+++ Data for the task

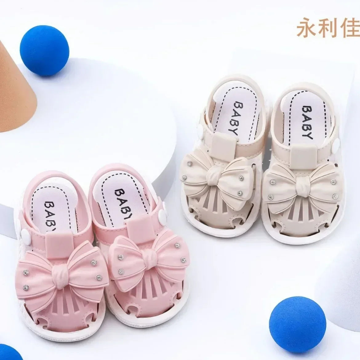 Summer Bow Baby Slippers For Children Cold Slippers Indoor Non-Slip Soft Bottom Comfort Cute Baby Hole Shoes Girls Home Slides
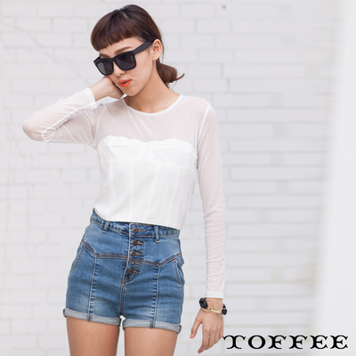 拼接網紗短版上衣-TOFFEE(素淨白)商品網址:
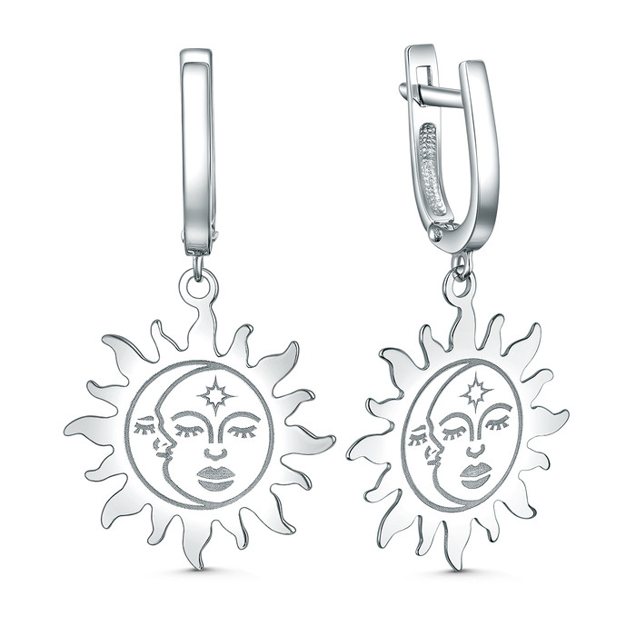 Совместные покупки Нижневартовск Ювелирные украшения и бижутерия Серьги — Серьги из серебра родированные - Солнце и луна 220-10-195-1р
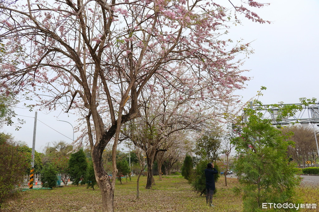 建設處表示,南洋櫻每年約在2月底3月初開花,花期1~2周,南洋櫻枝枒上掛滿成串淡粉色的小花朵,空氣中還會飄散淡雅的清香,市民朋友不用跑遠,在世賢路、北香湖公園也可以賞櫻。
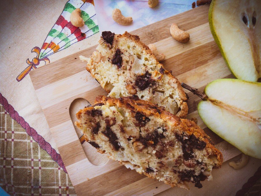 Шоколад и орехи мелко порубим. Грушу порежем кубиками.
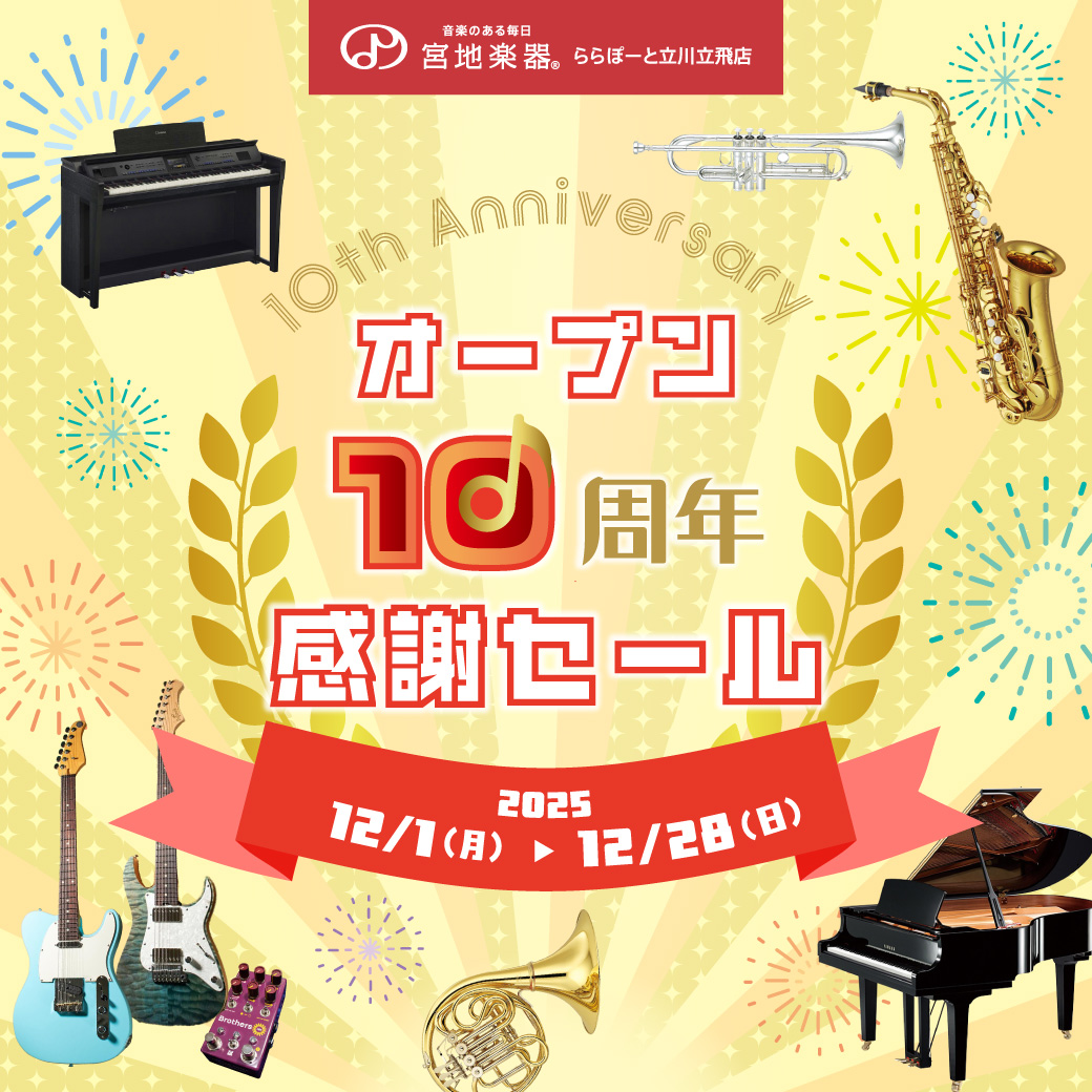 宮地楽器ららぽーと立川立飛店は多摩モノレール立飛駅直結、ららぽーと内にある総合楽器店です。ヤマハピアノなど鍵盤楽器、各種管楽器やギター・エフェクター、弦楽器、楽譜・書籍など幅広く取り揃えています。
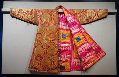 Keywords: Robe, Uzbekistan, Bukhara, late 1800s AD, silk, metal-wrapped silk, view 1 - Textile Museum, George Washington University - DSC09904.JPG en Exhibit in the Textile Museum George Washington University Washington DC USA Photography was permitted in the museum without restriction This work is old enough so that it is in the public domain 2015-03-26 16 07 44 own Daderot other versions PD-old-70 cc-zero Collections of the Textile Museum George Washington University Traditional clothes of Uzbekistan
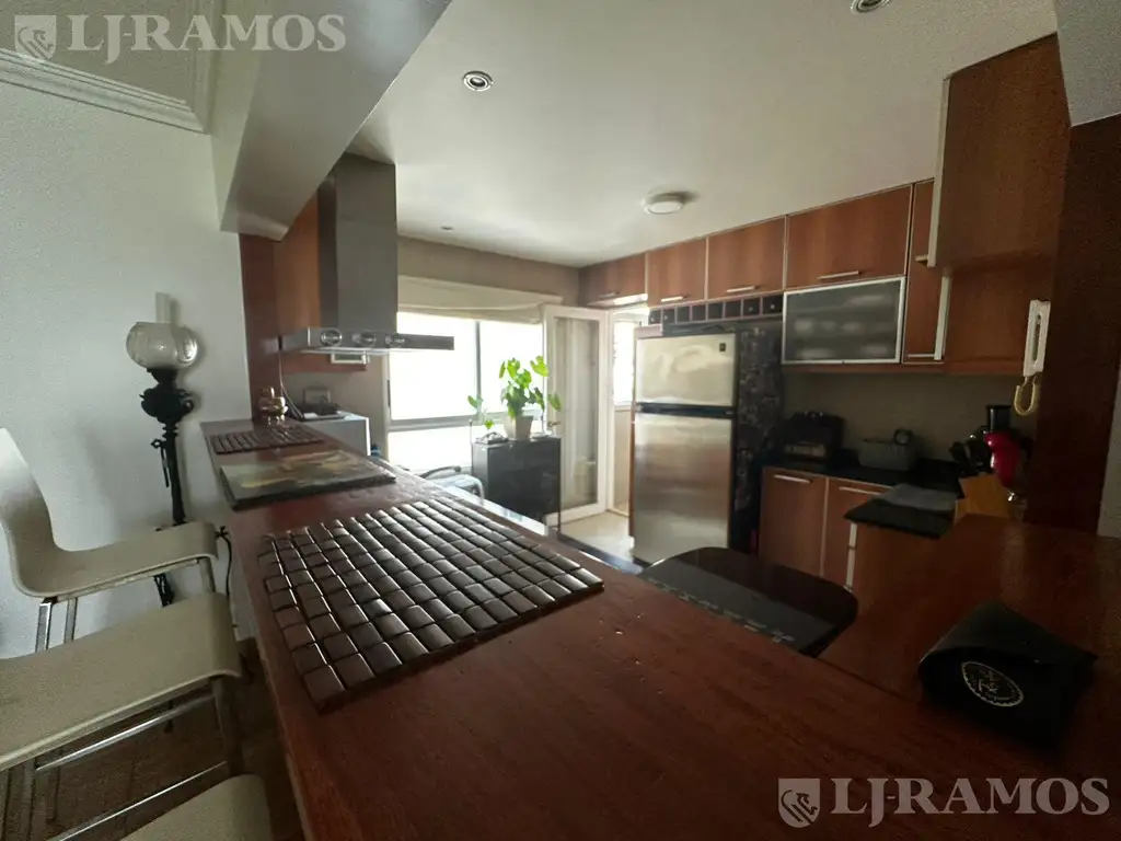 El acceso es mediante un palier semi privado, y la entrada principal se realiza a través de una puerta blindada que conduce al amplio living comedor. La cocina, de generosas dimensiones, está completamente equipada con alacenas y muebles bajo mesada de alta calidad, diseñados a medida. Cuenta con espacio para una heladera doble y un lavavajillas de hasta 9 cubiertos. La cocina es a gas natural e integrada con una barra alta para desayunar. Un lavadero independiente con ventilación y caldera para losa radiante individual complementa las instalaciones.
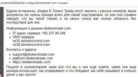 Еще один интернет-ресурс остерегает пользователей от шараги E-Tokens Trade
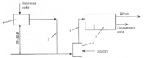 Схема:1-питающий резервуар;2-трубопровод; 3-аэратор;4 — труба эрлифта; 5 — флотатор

++++++
+++ Data for the task

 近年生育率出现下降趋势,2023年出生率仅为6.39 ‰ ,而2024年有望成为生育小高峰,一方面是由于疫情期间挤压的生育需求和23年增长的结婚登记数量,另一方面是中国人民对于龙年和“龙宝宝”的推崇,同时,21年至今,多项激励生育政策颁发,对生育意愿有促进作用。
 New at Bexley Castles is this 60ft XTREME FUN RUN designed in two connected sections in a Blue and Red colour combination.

++++++
+++ Data for the task

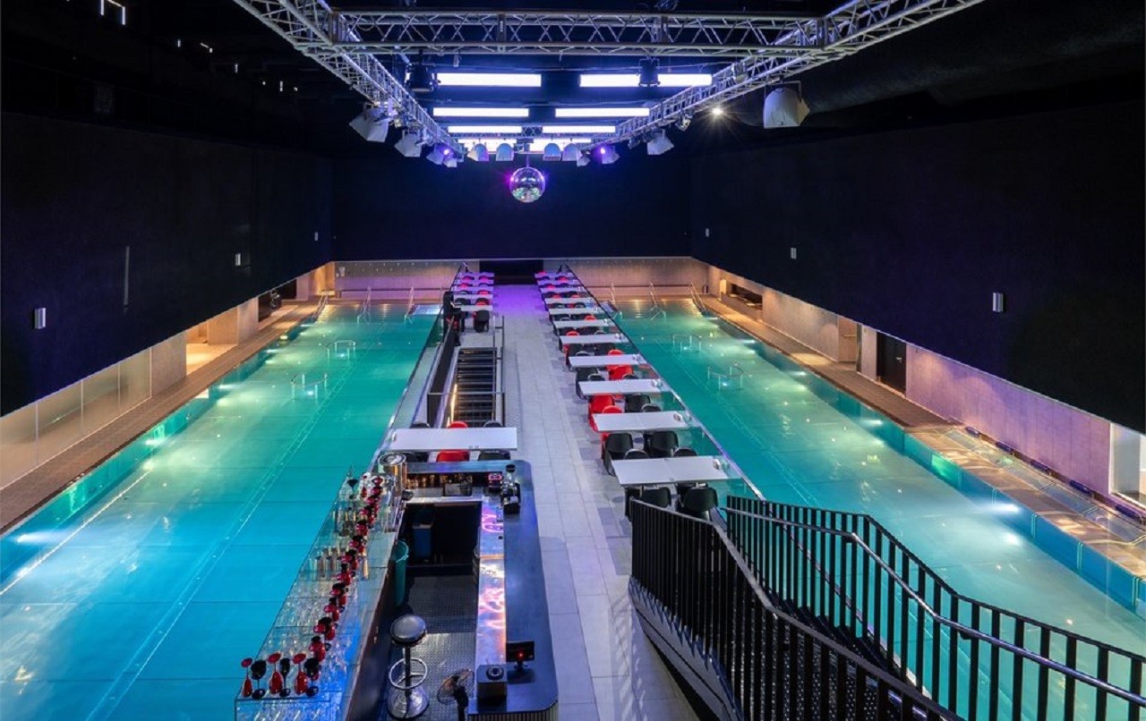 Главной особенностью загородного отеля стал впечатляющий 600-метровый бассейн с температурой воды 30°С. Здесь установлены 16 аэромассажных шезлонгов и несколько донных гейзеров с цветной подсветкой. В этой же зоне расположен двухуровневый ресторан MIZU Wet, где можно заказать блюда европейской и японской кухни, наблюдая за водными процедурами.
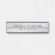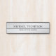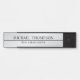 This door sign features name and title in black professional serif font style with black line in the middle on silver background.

++++++

_What you will do:_
Starting from the line with "Summer Bow Baby" in the records above, repeat each line exactly until you have written the line with "宮地楽器ららぽーと立川立飛店", then stop; drop the pictures.

_Finished exercise:_
 Summer Bow Baby Slippers For Children Cold Slippers Indoor Non-Slip Soft Bottom Comfort Cute Baby Hole Shoes Girls Home Slides
 拼接網紗短版上衣-TOFFEE(素淨白)商品網址:
 Совместные покупки Нижневартовск Ювелирные украшения и бижутерия Серьги — Серьги из серебра родированные - Солнце и луна 220-10-195-1р
 建設處表示,南洋櫻每年約在2月底3月初開花,花期1~2周,南洋櫻枝枒上掛滿成串淡粉色的小花朵,空氣中還會飄散淡雅的清香,市民朋友不用跑遠,在世賢路、北香湖公園也可以賞櫻。
 Шоколад и орехи мелко порубим. Грушу порежем кубиками.
 宮地楽器ららぽーと立川立飛店は多摩モノレール立飛駅直結、ららぽーと内にある総合楽器店です。ヤマハピアノなど鍵盤楽器、各種管楽器やギター・エフェクター、弦楽器、楽譜・書籍など幅広く取り揃えています。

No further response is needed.